▸ **Work item**
The job is to output each record exactly as it stands, pictures excluded.

▸ **Data for processing**
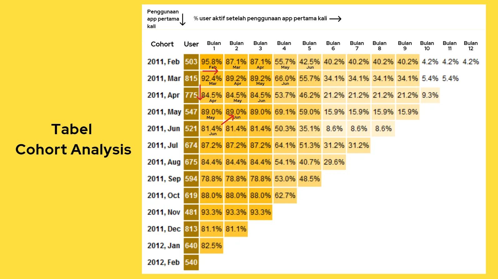 Pada tabel contoh, persentase user yang aktif tiap bulannya cenderung turun di tiap cohort.
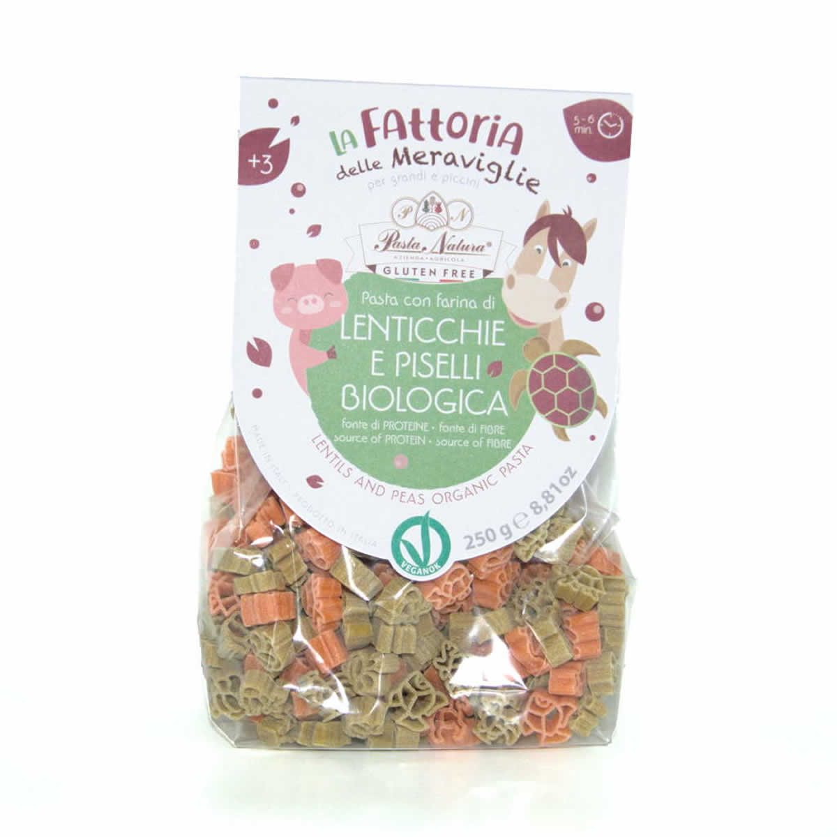 Pasta kids lenteja y guisante, es un producto artesanal, sano y sabroso, perfecto para ser utilizado en la elaboración de deliciosos primeros platos y capaz de abrir el apetito y satisfacer a todos.
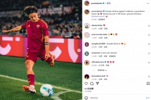 迪巴拉也在賽后通過社媒曬出自己的比賽照,并紀念道:“太棒了,伙計們!讓我們繼續(xù)努力前進?????? 非常高興拿到第100次助攻……謝謝兄弟@埃爾莫索 ??”
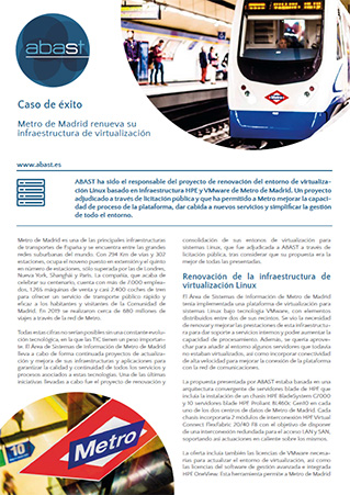 ABAST ha sido el responsable del proyecto de renovación del entorno de virtualización Linux basado en infraestructura HPE y VMware de Metro de Madrid. Un proyecto adjudicado a través de licitación pública y que ha permitido a Metro mejorar la capacidad de proceso de la plataforma, dar cabida a nuevos servicios y simplificar la gestión de todo el entorno.
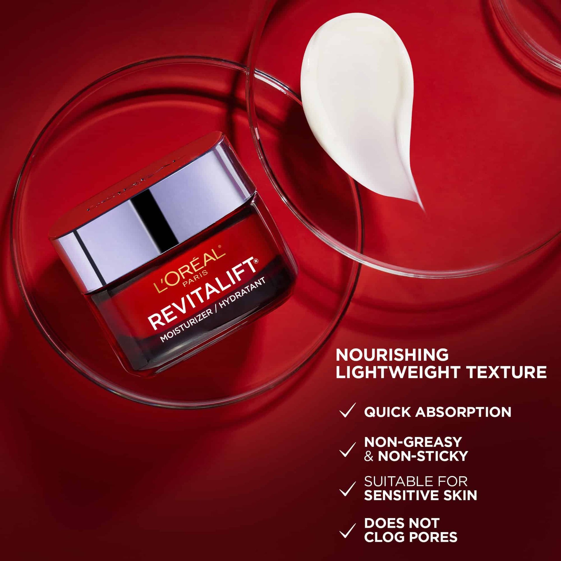 Hyaluronic acid (HA) is a potent hydration-attracting molecule naturally found in the skin, but it naturally decreases as we age, contributing to dryness and volume loss over time. Hyaluronic acid is a safe ingredient used by dermatologists for its intensely hydrating and re-plumping properties. As a cosmetic ingredient, L’Oreal Paris’s hyaluronic acid is derived through biotechnology processes and can be presented in a variety of molecular weights. High molecular weight HA stays on top of the skin to hydrate skin’s surface, and low molecular weight HA absorbs more easily for a more luxurious product texture.
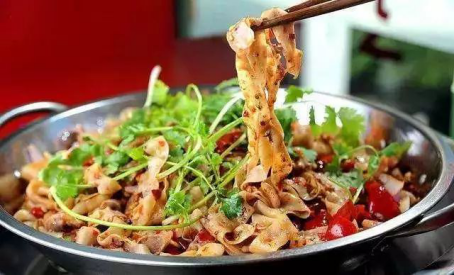 黔江雞雜煮熟后,用文火邊煮邊吃
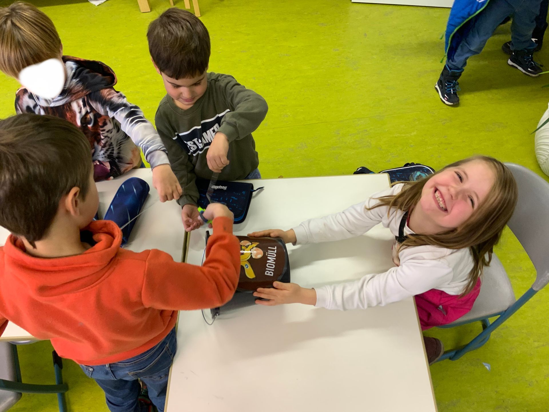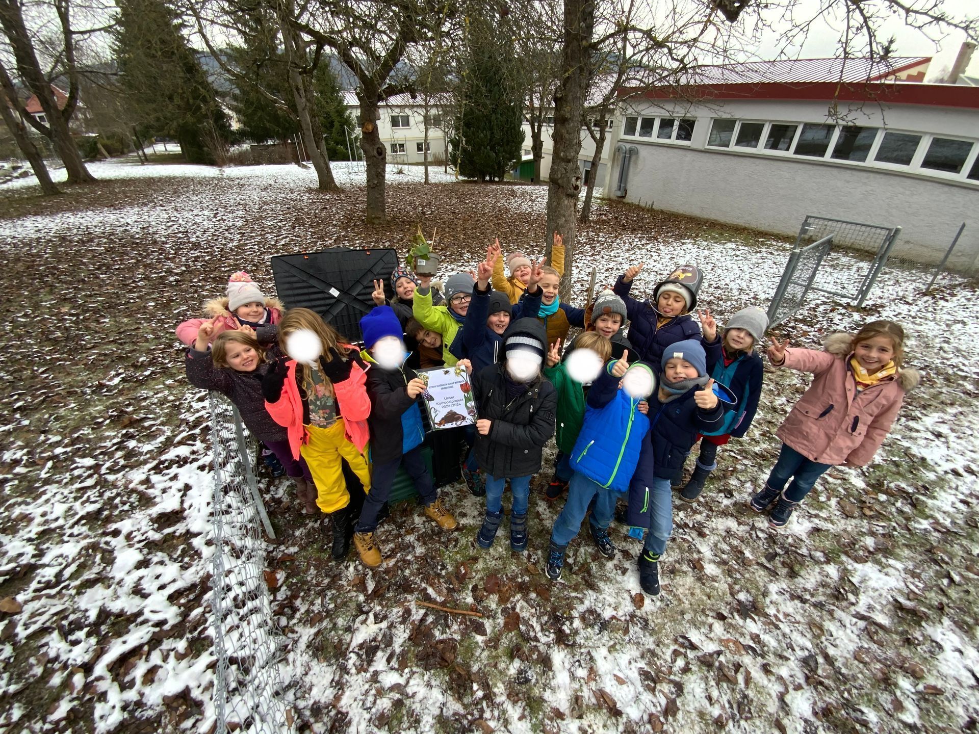 Die Klasse 1 hat in der vergangenen Woche den Grundstein für unser gemeinsames Kompostprojekt der Schule gelegt: Es wurden Biomülleimer zum Sammeln organischer Abfälle in den Klassen verteilt, die dann auf unserem Kompost gesammelt werden. Die Grundlage für unseren Kompost waren die Abfälle der Adventskränze aus Klasse 2. Einen Plan für die entstehende fruchtbare Erde im Sommer gibt es auch schon…
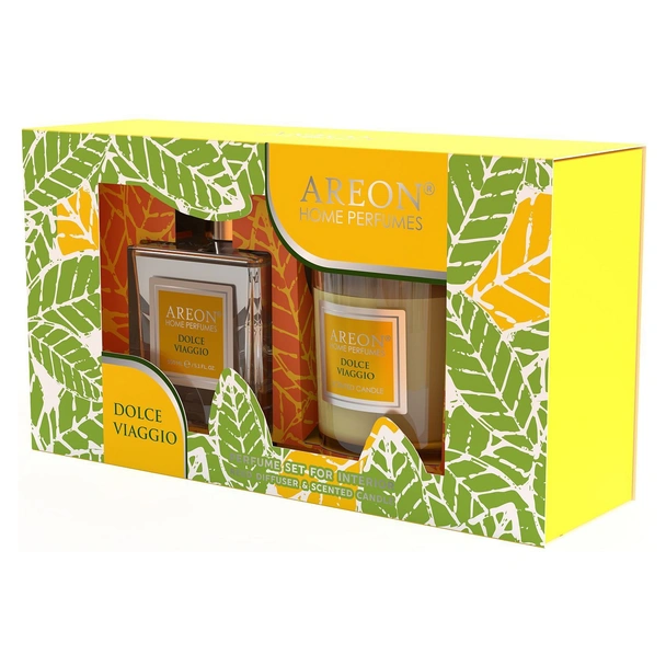 Комплект ароматизатор с пръчици 150 мл + свещ Сладко пътешествие AREON

▸ **Response**
 Pada tabel contoh, persentase user yang aktif tiap bulannya cenderung turun di tiap cohort.
 Pasta kids lenteja y guisante, es un producto artesanal, sano y sabroso, perfecto para ser utilizado en la elaboración de deliciosos primeros platos y capaz de abrir el apetito y satisfacer a todos.
 迪巴拉也在賽后通過社媒曬出自己的比賽照,并紀念道:“太棒了,伙計們!讓我們繼續(xù)努力前進?????? 非常高興拿到第100次助攻……謝謝兄弟@埃爾莫索 ??”
 ABAST ha sido el responsable del proyecto de renovación del entorno de virtualización Linux basado en infraestructura HPE y VMware de Metro de Madrid. Un proyecto adjudicado a través de licitación pública y que ha permitido a Metro mejorar la capacidad de proceso de la plataforma, dar cabida a nuevos servicios y simplificar la gestión de todo el entorno.
 Hyaluronic acid (HA) is a potent hydration-attracting molecule naturally found in the skin, but it naturally decreases as we age, contributing to dryness and volume loss over time. Hyaluronic acid is a safe ingredient used by dermatologists for its intensely hydrating and re-plumping properties. As a cosmetic ingredient, L’Oreal Paris’s hyaluronic acid is derived through biotechnology processes and can be presented in a variety of molecular weights. High molecular weight HA stays on top of the skin to hydrate skin’s surface, and low molecular weight HA absorbs more easily for a more luxurious product texture.
 黔江雞雜煮熟后,用文火邊煮邊吃
 Die Klasse 1 hat in der vergangenen Woche den Grundstein für unser gemeinsames Kompostprojekt der Schule gelegt: Es wurden Biomülleimer zum Sammeln organischer Abfälle in den Klassen verteilt, die dann auf unserem Kompost gesammelt werden. Die Grundlage für unseren Kompost waren die Abfälle der Adventskränze aus Klasse 2. Einen Plan für die entstehende fruchtbare Erde im Sommer gibt es auch schon…
 Комплект ароматизатор с пръчици 150 мл + свещ Сладко пътешествие AREON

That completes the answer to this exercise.